To Recruit and Keep Members, Speak to What They Value

Sometimes reconnecting with one of the more timeless concepts of membership marketing is a rewarding way to start a new year of best practices.

What is the value of our organization? What kind of benefits do our features offer, and are they sufficient to drive prospects to join and members to renew?

This Tipster has appeared once before but the perceptual exercise it encourages is still most relevant.

Enjoy and Happy New Year!

Rick Whelan
President

PS: If you would like additional information about elevating features to value, give me a call at 703.706.0350 or send me an email at Rick@MarketingGeneral.com.

 

To Recruit and Keep Members, Speak to What They Value

It’s benefits—not features—that members really want. They usually don’t care what an organization has. It’s what members get from an organization that’s important. If what they get fits their needs then they have found something of value. If valued, benefits then contribute to people’s aspirations.

Each step from features to aspirations has added importance and creates a deeper and more lasting connection between members and their association.

The Value Grid

MGI has developed a helpful tool that tracks this progression, called the Value Grid. The grid is divided into four sections, and while this example shows three rows, there can be as many as needed.

Features

We complete this column first because the other columns build on it. Make a listing of all the goods and services your organization offers. Our example is continuing education, but then add, say, certification programs, advocacy, conference, magazines, discounts, and so on.

The box at the bottom of the column, “People Want to Be …”, lists characteristic descriptors to prompt your thinking and help define what motivates people to desire the features you have listed.

Benefits

This column takes features to the next level by personalizing features and speaking to what people want rather than what the organization gives. Benefits are more robust, more personal, and more powerful motivators than features.

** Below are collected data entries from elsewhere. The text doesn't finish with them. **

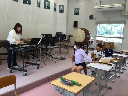 6/2 6年生 音楽科「ラバーズコンチェルト」 公開日 2025/06/02 更新日 2025/06/02 各学年から 合奏に向けた楽器決めを行っていました。先生の演奏を聞いて、どの楽器にしようか考えていました。どうやら木琴が人気のようです。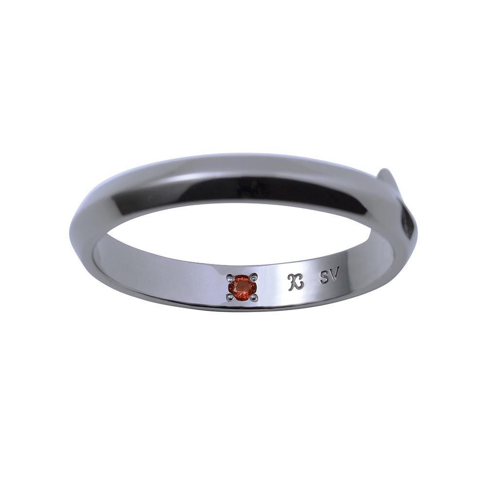 リングの内側には赫眼をイメージしたレッドのストーンを留めました。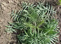 - Ulistnienie skrętoległe. Liście pierzastosieczne, na górnej stronie obficie kolczasto owłosione, na dolnej kutnerowate. Odcinki dolne całobrzegie, górne karbowane, z kolcami. Posiadają w środku bardzo gruby nerw[5][6].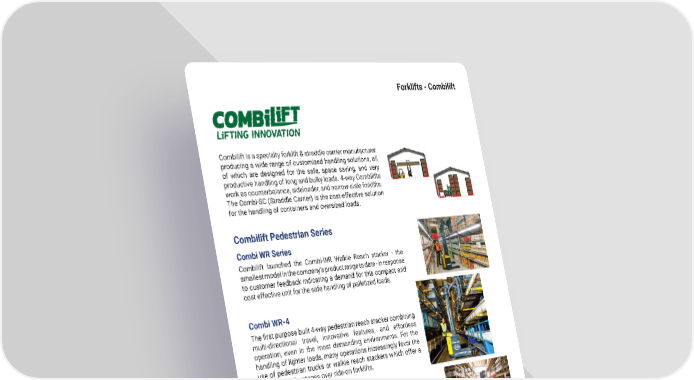 45 mh � altg � com Combilift is a specialty forklift & straddle carrier manufacturer producing a wide range of customized handling solutions, all of which are designed for the safe, space saving, and very productive handling of long and bulky loads � 4-way Combilifts work as counterbalance, sideloader, and narrow-aisle forklifts � The Combi-SC (Straddle Carrier) is the cost-effective solution for the handling of containers and oversized loads � Combi WR Series Combilift launched the Combi-WR Walkie Reach stacker - the smallest model in the company’s product range to date - in response to customer feedback indicating a demand for this compact and cost effective unit for the safe handling of palletized loads � Combi WR-4 The first purpose built 4-way pedestrian reach stacker combining multi-directional travel, innovative features, and effortless operation, even in the most demanding environments � For the handling of lighter loads, many operations increasingly favor the use of pedestrian trucks or walkie reach stackers which offer a number of advantages over ride-on forklifts � Combi CS Safety was a chief consideration for the Combi-CS � The multi-position tiller enables push-button rotation of the rear wheel, allowing the operator to remain in the safest possible position when placing and picking in narrow aisles � Combi PPT Powerful, economical and thoughtfully-designed, Combilift’s Powered Pallet Truck is a highly versatile option, suitable for small to medium-sized warehouses and production facilities � Combilift Pedestrian Series Forklifts - Combilift

Just two of a number of possible benefits are listed in our example: continuing education keeps people up to date as well as satisfying licensing requirements.

Again, the box at the bottom of this column describes benefits that can be derived from the features—saved time, increased comfort, greater praise, or good health. In our example they retain the ability to practice their profession. That is truly a benefit.

Value

This is the next step in the progression of adding value and importance to organizational features. Value is the equation that most of us use to judge the utility of a purchase, such as membership. If a feature becomes a benefit that is so substantial that it’s considered valuable, then what began as a simple idea has become something that is greatly needed.

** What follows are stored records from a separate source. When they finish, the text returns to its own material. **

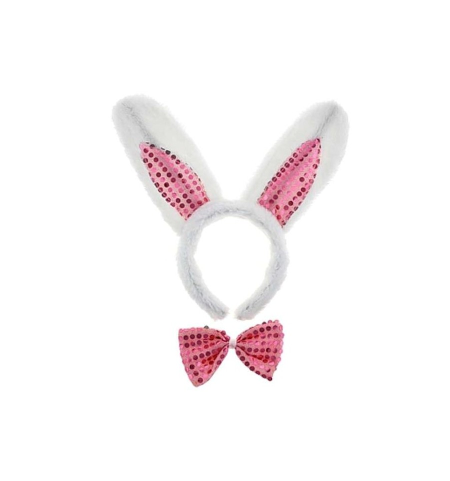 ✅Plastikowa opaska z białym pluszowym pokrowcem z dwoma wypustkami na uszy, które w środku mają mniejsze uszy w różowe cekiny + muszka w różowe cekiny.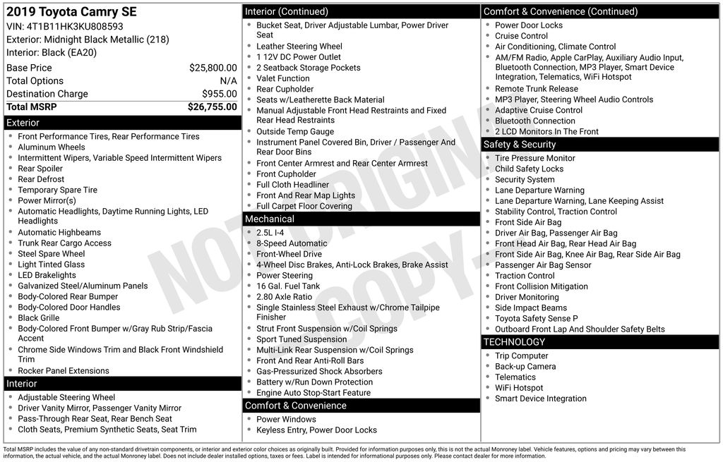 https://qualityfordresearch.com/cars/Used/2019/Toyota/Camry/SE/170252952019 Toyota Camry SE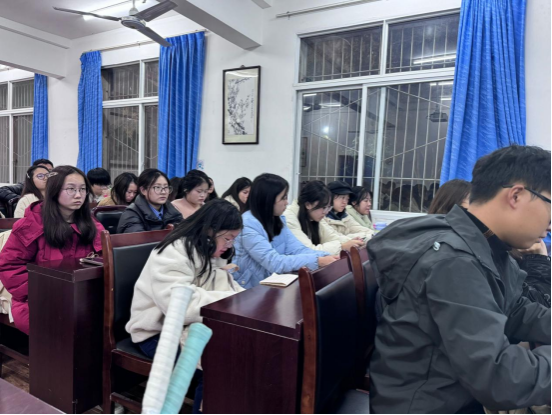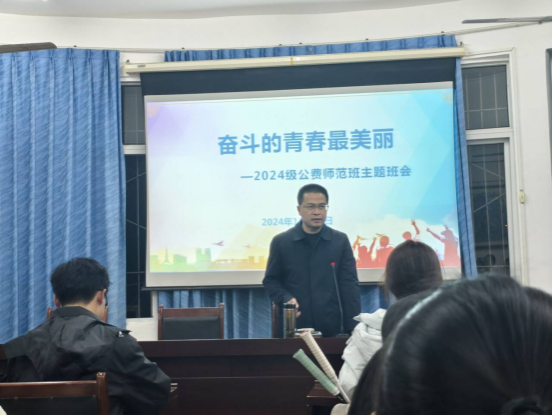 本网讯(文/陶爽 图/岳小溪)11月28日晚,外国语学院在院办101举行了以“奋斗的青春最美丽”为主题的班会活动。此次班会由外国语学院党委书记、2024级英本4班公费师范班班主任袁明锋主讲,旨在激励公费师生珍惜青春时光,努力奋斗,为教育事业贡献自己的力量。

The box at the bottom of the Value column, “People Want to Save …”, describes negative features that can require rescue. Features can work to advance a benefit as well as act as valued protection against other features.

Be/Gain/Save/Do

This final stage in elevating mere features into a desire and a need moves us even deeper into what we are, into curiosity, the need for affection, and self-improvement. If a feature can come this far, it is likely something that people cannot live without. It has moved from an object, to a want, to a desire, to a need.

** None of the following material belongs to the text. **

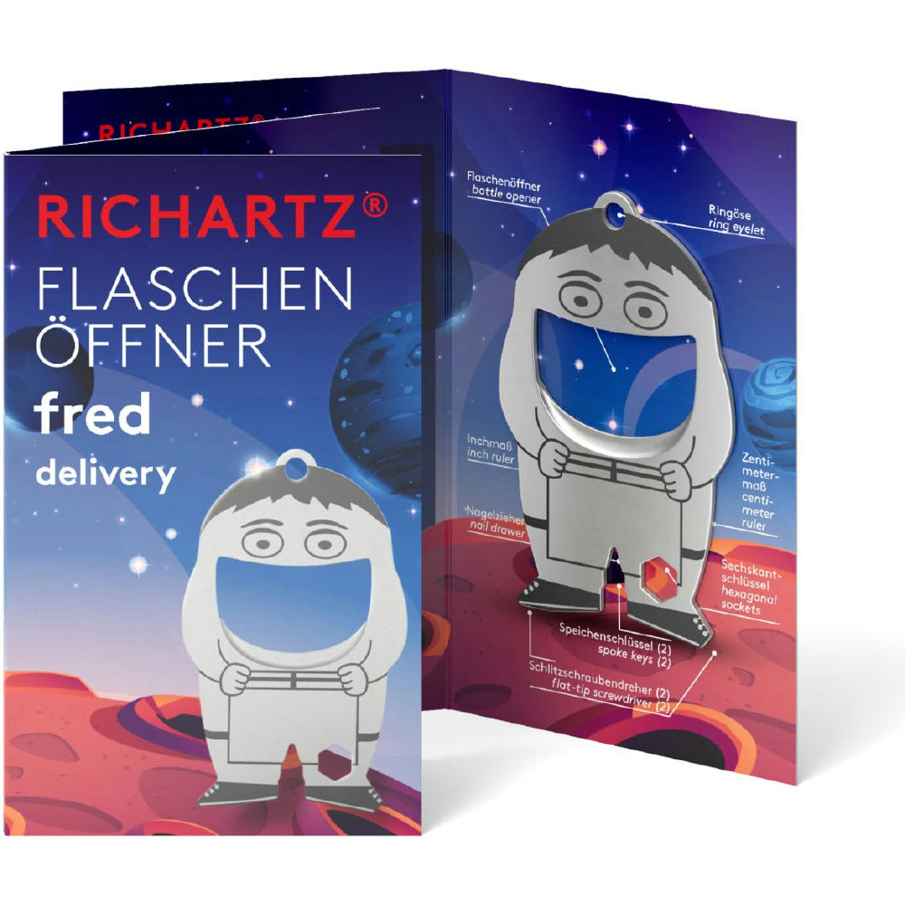 Der sympathische Flaschenöffner überzeugt durch seine schöne, kompakte Form und passt daher an jeden Schlüsselbund. Sein perfekt konstruierter Flaschen­öffner löst problemlos jeden Kronkorken und mit 9 weiteren nützlichen Funktionen wird er schnell zum unverzichtbaren Begleiter im Alltag. FLASCHENÖFFNER von RICHARTZ®: So praktisch und immer dabei!

Thus, the same item, continuing education, has been repositioned to the point where a member purchase is almost a fait accompli.

A final word

The Value Grid is a methodology that offers real advantages for membership organizations that use it. The decision whether to become a member or remain one is a choice based on the value each individual finds in belonging. If features are what an organization promotes, the chances for success are less than leading with benefits and value.